A new model predicts how charged molecules partition in aqueous multiphase systems based on electrical potential and molecular charge. This model accurately describes experimental data for various molecules and biological samples.
Area of Science:
Biochemistry
Physical Chemistry
Separation Science
Background:
Aqueous multiphase systems (AMS) are widely used for separating biomolecules.
Understanding the partitioning behavior of charged molecules in AMS is crucial for optimizing separation processes.
Existing models may not fully account for the influence of electrical potential and molecular charge.
Purpose of the Study:
To develop a comprehensive model for predicting the partition coefficients of charged molecules in aqueous multiphase systems.
To relate partition behavior to electrical potential differences, molecular net charges, and uncharged partition coefficients.
To validate the model using experimental data from various charged molecules and biological mixtures.
Main Methods:
Development of a theoretical model incorporating electrical potential, net charge, and uncharged partition coefficients.
Application of the model to analyze experimental partition data for small molecules (chromate, pyridine) and biomolecules (ribonuclease A, hemoglobin, yeast lysate).
Comparison of model predictions with experimental data in complex three-phase systems (poly(ethylene glycol), dextran, Ficoll, water).
Main Results:
The developed model accurately predicts the partition coefficients of charged molecules in aqueous multiphase systems.
The model successfully describes experimental data for a diverse range of compounds, including proteins and enzyme mixtures.
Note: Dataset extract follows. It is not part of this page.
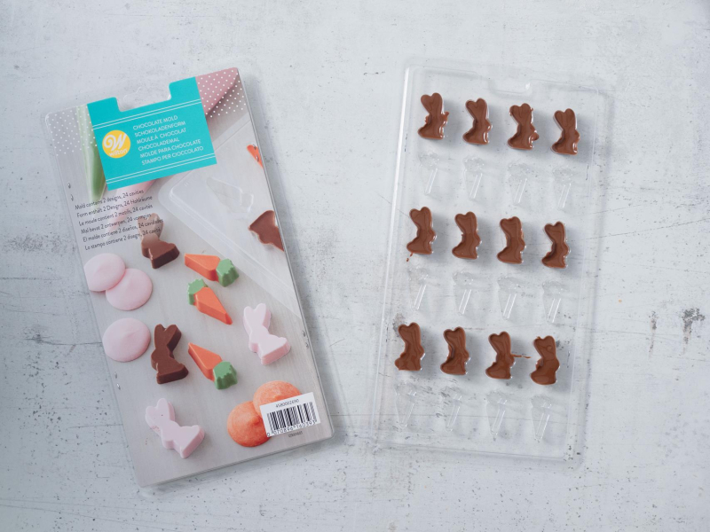 Rozpuszczoną czekoladę przełóż do worka i wypełnij foremki, odstaw do lodówki.

Deviations from the model suggest pH-dependent ion uptake and highlight differences in protein solvation and enzyme forms.
Conclusions:
The model provides a robust framework for understanding and predicting charged molecule partitioning in AMS.
The model's ability to fit experimental data demonstrates the significant role of electrical potential and molecular charge.
The study reveals insights into protein solvation and the heterogeneity of enzymes in biological mixtures.